The third issue is that a hypothesis testing require a hypothesis to be tested. Isn't there statements that are meaning full to your problem that you can define before looking to the data? If you want to find out if A ants are faster than B ants, is not enough to test if A ants are significantly more likely to be among the top 50% than B ants?
Maybe the OP does not have a single statement but wants to test 10 statements of the form: A ants are more likely then B ants to be among the top N%, for N=10, 20, 30..100
In this case there is the fourth problem: multiple comparisons. If you make 10 statements/tests, each with a 5% change of being wrong (95% confidence on your tests) then there is a 50% chance that one of your statements will be wrong ( well not exactly but close). Thus one must be careful on how many tests are being made and adjust the confidence level on each test appropriately. Please follow the tags: multiple-comparisons, pairwise-comparison or multiple-hypothesis in CV.
The last issue is that if one decides to make multiple tests, these tests are not independent.
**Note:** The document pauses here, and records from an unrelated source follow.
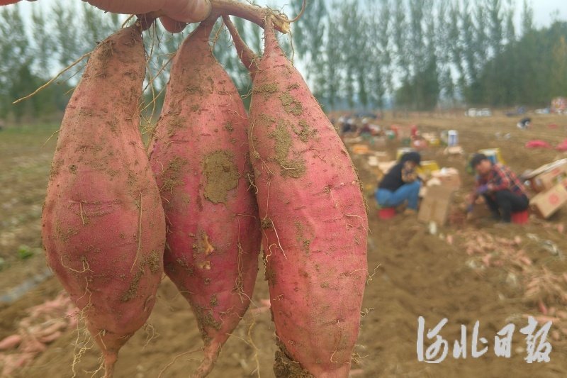 国庆佳节,河北省迁西县东荒峪镇贠庄村的田野里一片喜人景象,260亩红薯种植基地迎来了大丰收。村民们穿梭在田间地头,趁着晴好天气采收红薯,挑拣、装箱、运输,呈现出一派热火朝天的丰收景象。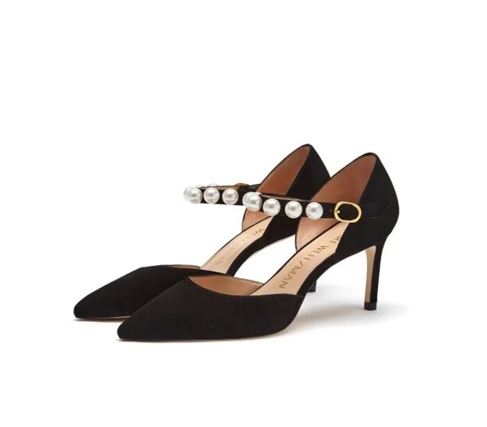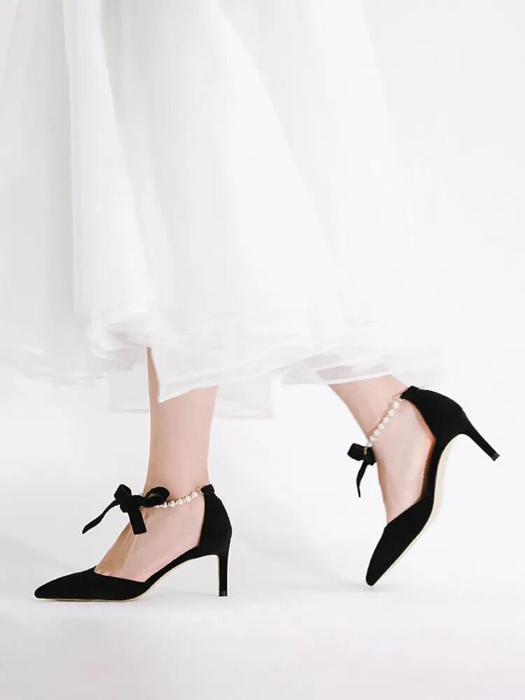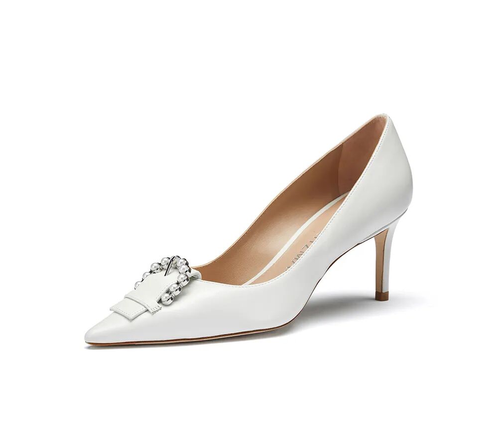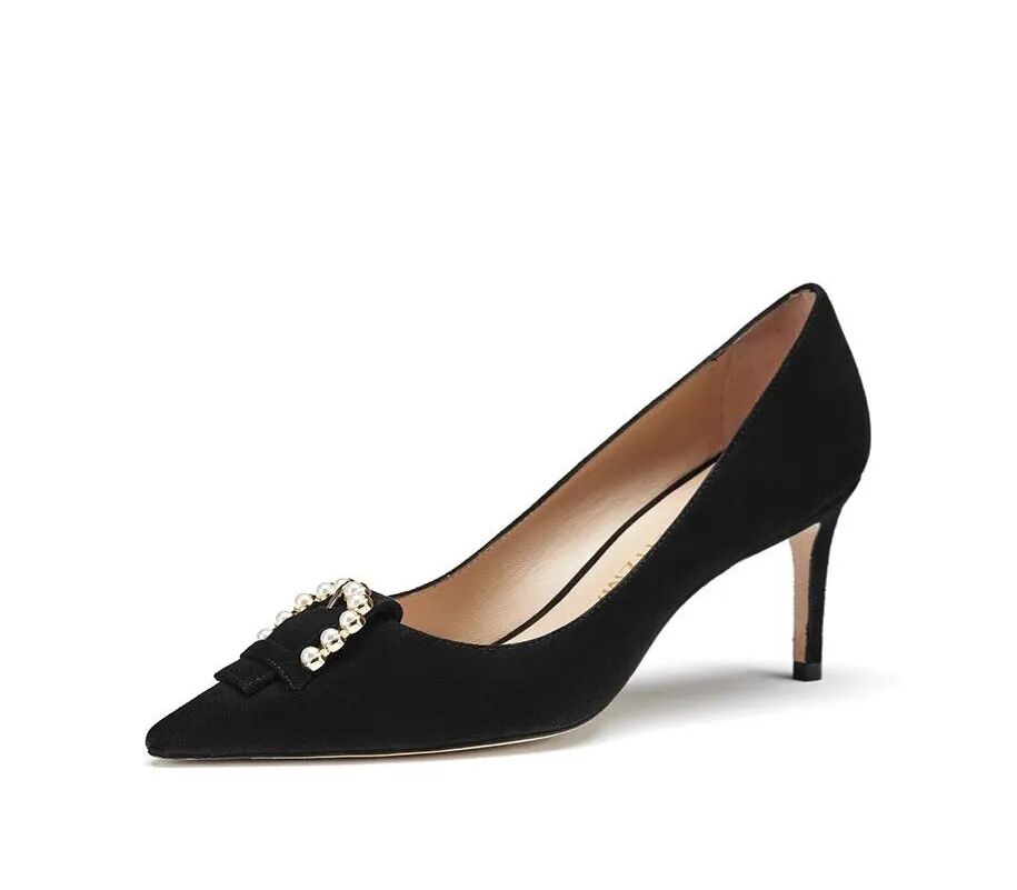 羊皮珍珠带中空细高跟鞋¥4300,折后价¥1500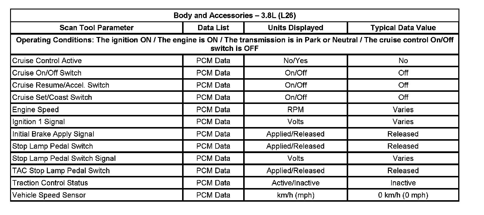 The scan tool data lists contain all of the cruise control related parameters that are available on the scan tool. The parameters in the list are arranged in alphabetical order. The data list column indicates the location of the parameter within the scan tool menu selections.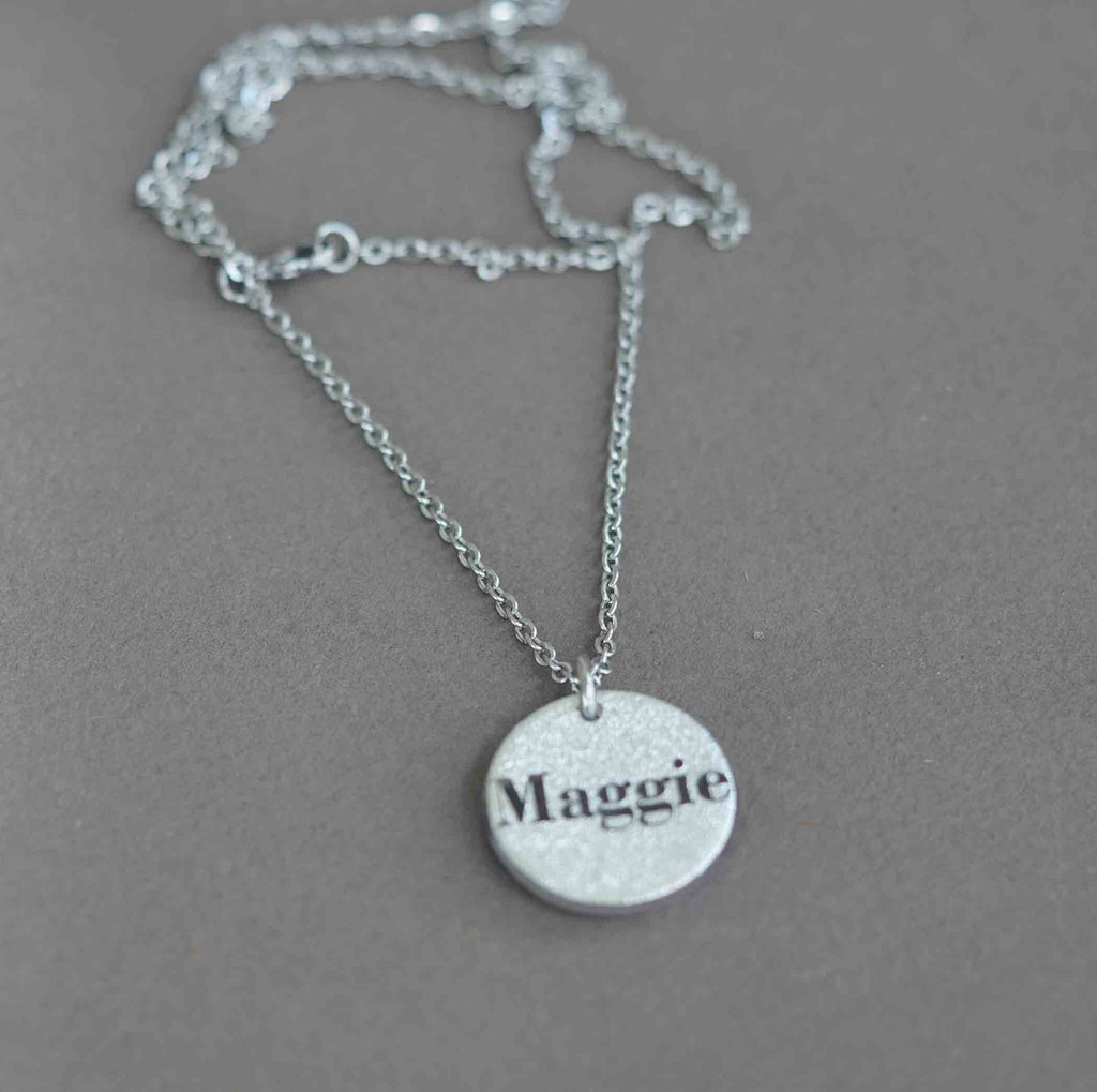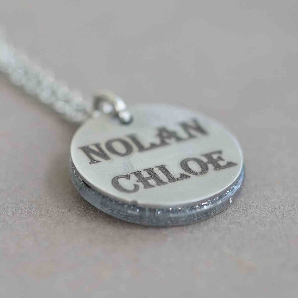 The necklace is made of high-quality etched fused dichroic glass, which is a type of glass that reflects different colors of light depending on the angle at which it is viewed. The name is etched into the glass in a delicate font. We design and make in our studio also a stainless steel bail that is glued to the glass-etched pendant that gives it more strength, and we can etch more on the back with our laser etch tool. The necklace is finished with a stainless steel cable chain and clasp. This necklace is available in a variety of colors and fonts, so you can find the perfect one to match your personality or the personality of the person you're giving it to. Order yours today and show your loved ones how much you care!

For example, given that the difference between A and B are at the highest/most significant at the 40% according to the figure in the question, it is unlikely that the difference will not be significant at the 50%. In other words, given that you already know that B is more likely than A to be among the top 40%, I dont think the correct null hypothesis for the 50% is that they are both equally likely! But I dont know how to solve this problem.